A commenter in the last post said: "Sounds like you just had some sweet makeup sex with Landon Donavan."
How quickly disappointment can turn into triumph. Golllllly.
You can imagine what happened, because it may have happened to you: I was at the bar, felt awful, felt frustrated, Landon scored, went crazy, hugged strangers, jumped, yelled, chanted "U-S-A," and felt giddy.
That's what World Cup soccer is all about. It immediately became the greatest soccer moment of my life. It even trumps US over Mexico in 2002. Easily, actually. The bastard Algerians decided it would be smart to play for a tie, since they knew we'd score ten goals on them if they ever attacked. We still created a ton of solid chances, but bad luck and another referee screw-up...

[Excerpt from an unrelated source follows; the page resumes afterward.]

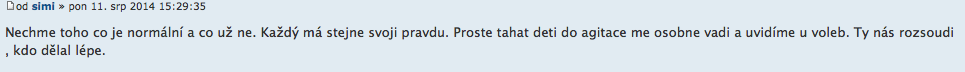 pro Rajnohu, snad ani nebudu psát, že je to vytržené z jiného dílu fóra a byla to moje reakce na podpisovou akci. Nevím jestli jste na akci byl, v parku, ale já celou dobu a neslyšel jsem jak od moderátorů, tak z nás ODS nikoho agitovat děti. Bylo jich na akci spousty, dobře se bavili, někteří rodiče je oblékli podle svého přesvědčení do stranických dresů a i tyto děti nikdo nevyháněl ani nepřevlékal, neagitoval.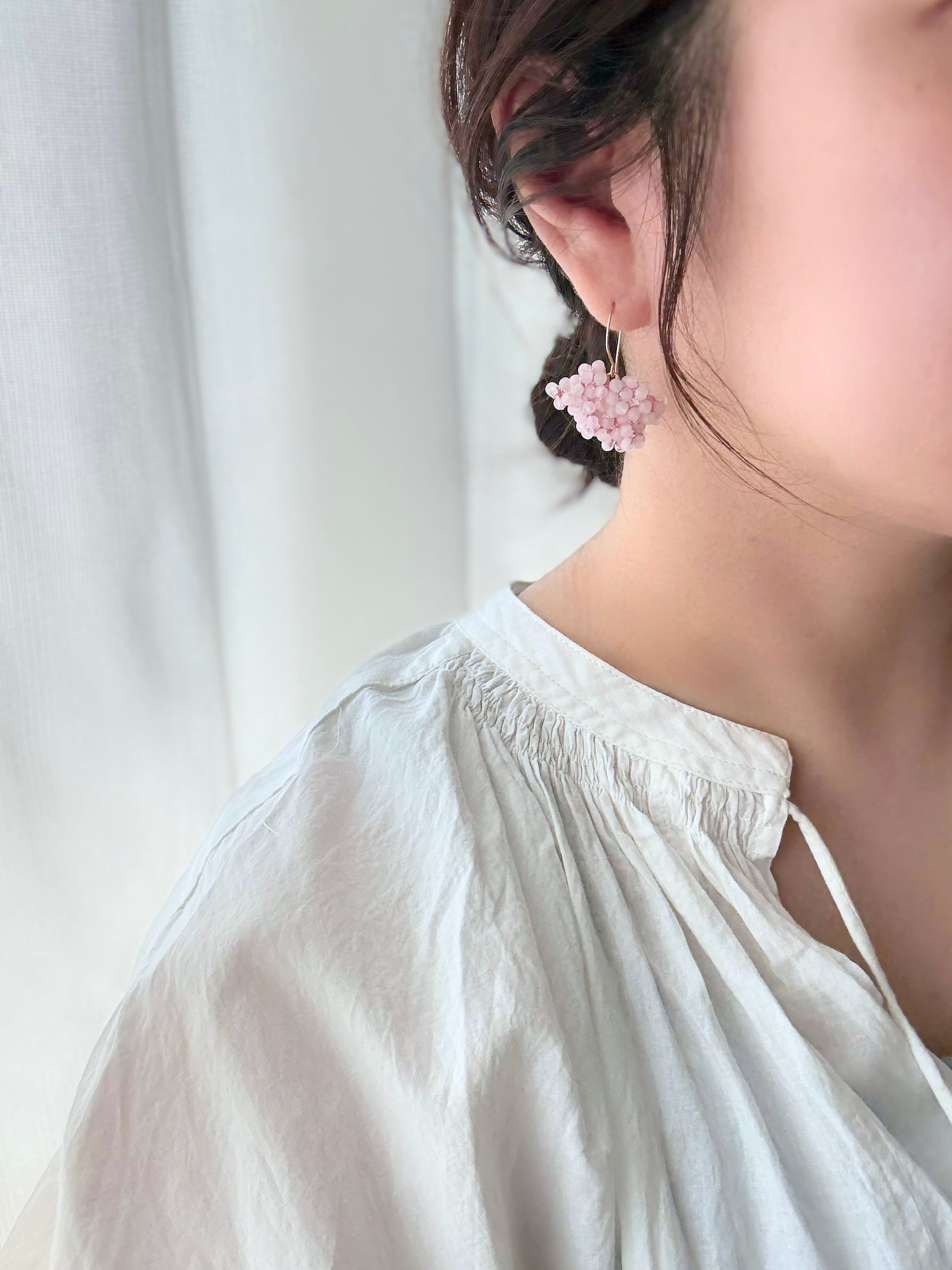 この粒の魅力は色だけではなく、フロスト加工されていることで質感がマットであるということ。このマットな質感により、甘すぎない大人でも身につけられるピンクのアクセサリーとなっています。

We interrupt this rant for a bit of emphasis:
THE REFEREES SCREWED US AGAIN!
What the hell is going on here? Is it time to start talking about an anti-American conspiracy? Why does every call go against us, especially ones where we score legal goals?
...kept us off the scoreboard for 91 horrible minutes. And then it happened. Landon motherfucking Donavan, the face of US soccer and our greatest nation player ever.
It couldn't be anyone else. It just couldn't.
Fly your colors high, boys. We won the group. We're on to the knockout stages. Bring on the Krauts, bring on the Ghanians, bring on the Serbs, bring on the Aussies. Doesn't matter. This was spectacular. Donavan scores, and we won't forget it.